Sunday, March 28, 2004

Kicking and drooling.

I was recently on a flight back to Denver from Chicago. It had been a hasty trip of only 24 hours, so I was pretty damn tired. I'm typically not one who sleeps on planes; I think anyone who can regularly sleep sitting up is a freak. But on this day, I found gravity unusually powerful up around my head area. So rather than fight it, I welcomed the chance for sleep.

What I did next, everyone at some point in there lives has done to one level or another. The concept is entirely familiar to all. Boiled down to its most base level, I did the "Dozing Kick Thing." Where you're in that lucid state between awake and dead to the world, and you jerk your leg as you suddenly wake up. Embarrassment sets in almost immediately, but as you look around you see that not a soul is looking at you. Not one person noticed. Not even the people sitting next to you. You thought you'd kicked, but you really hadn't, at least, not to any noticeable level. So you smile, close your eyes, and slip away once again.

That's kind of what happened to me. Except for the whole "nobody noticed" part. Because for some reason, when I kicked, I also yelled, "No!"

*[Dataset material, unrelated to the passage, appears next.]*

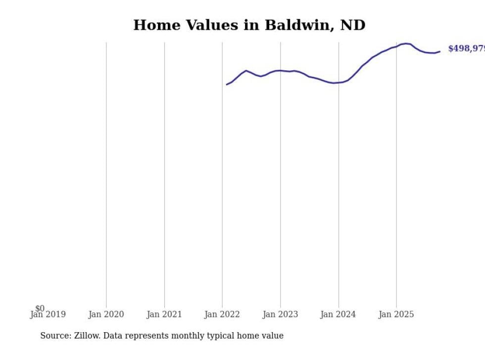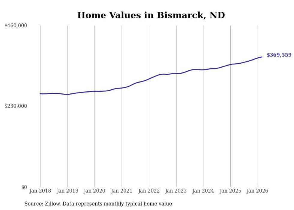 Stacker compiled a list of cities with the most expensive homes in the Bismarck metro area using data from Zillow. Charts show the monthly typical home value since January 2018. All 10 cities and towns with data available were included in the list.

More like, "NAAAAHHHHHO!" And I kicked the seat in front of me.

At this moment there was no need for me to look around to see if anyone was looking at me. I just kind of knew they were. Everyone. Staring. All with the same "What the fuck was that?" look on their faces. So I quickly looked at the guy to my left and stared at him with a "What the fuck was that?" look on my face. He turned and looked out the window immediately, probably because he was petrified of me, but it gave the undoubtable appearance of guilt. "What a freak, this guy," I sent to everyone via espMail. They got it loud and clear. And I slept like a baby the rest of the way home.